> **WHAT YOU NEED TO DO**
What you output must be the exact lines from the first line of the data through the one holding "Ellis Island 1986", with no pictures.

DATASET CONTENT Start Marker

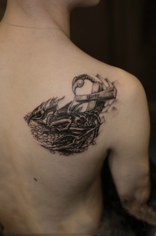 霸气过肩龙半甲纹身
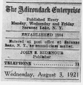 “Tourists are now enjoying the delights of Adirondack travel and they are seen in great numbers in the village every day. While there is any number of big limousines with the license plates from many states, there are also many cars of humbler motive power, carrying all the paraphernalia for camping.
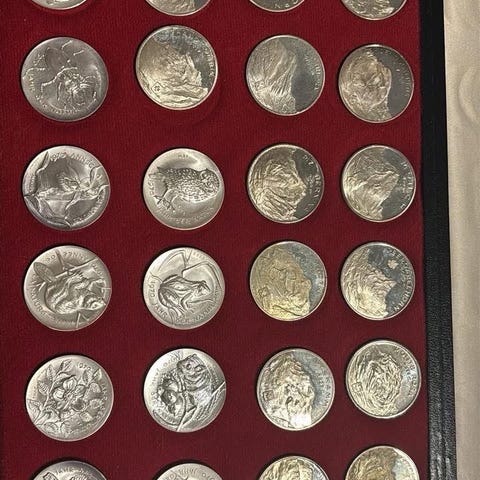 Ellis Island 1986 sølvmynt med motiv av Frihetsgudinnen og teksten 'Gateway to America'. Mynten har også inskripsjoner som 'Liberty', 'In God We Trust' og 'United States of America'. Verdien er 1 dollar.
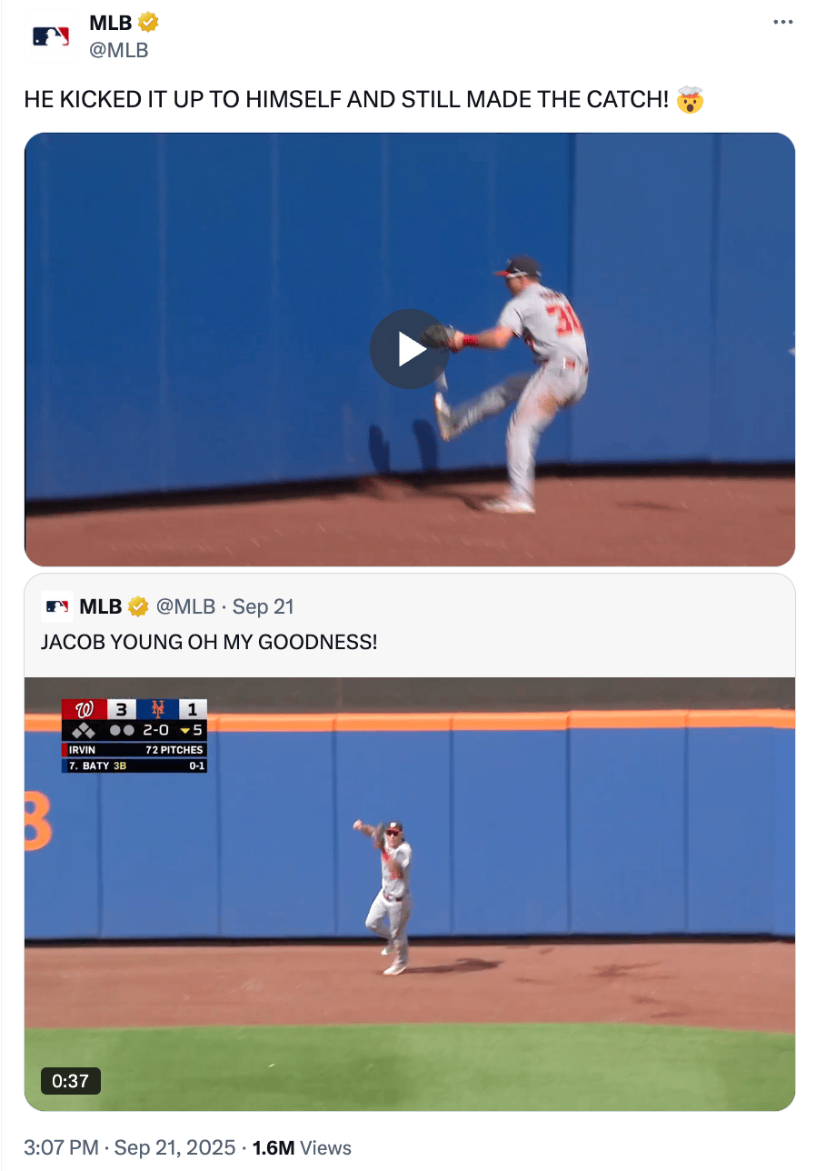 ⚾️ We got the circus catch of all circus catches this week. Nationals outfielder Jacob Young made one of the most absurd grabs you’ll ever see on a baseball field. He might be the only player in MLB history to hacky sack a fly ball into his glove for the out. Gotta love the creativity.

DATASET CONTENT End Marker

> **EXPECTED ANSWER**
 霸气过肩龙半甲纹身
 “Tourists are now enjoying the delights of Adirondack travel and they are seen in great numbers in the village every day. While there is any number of big limousines with the license plates from many states, there are also many cars of humbler motive power, carrying all the paraphernalia for camping.
 Ellis Island 1986 sølvmynt med motiv av Frihetsgudinnen og teksten 'Gateway to America'. Mynten har også inskripsjoner som 'Liberty', 'In God We Trust' og 'United States of America'. Verdien er 1 dollar.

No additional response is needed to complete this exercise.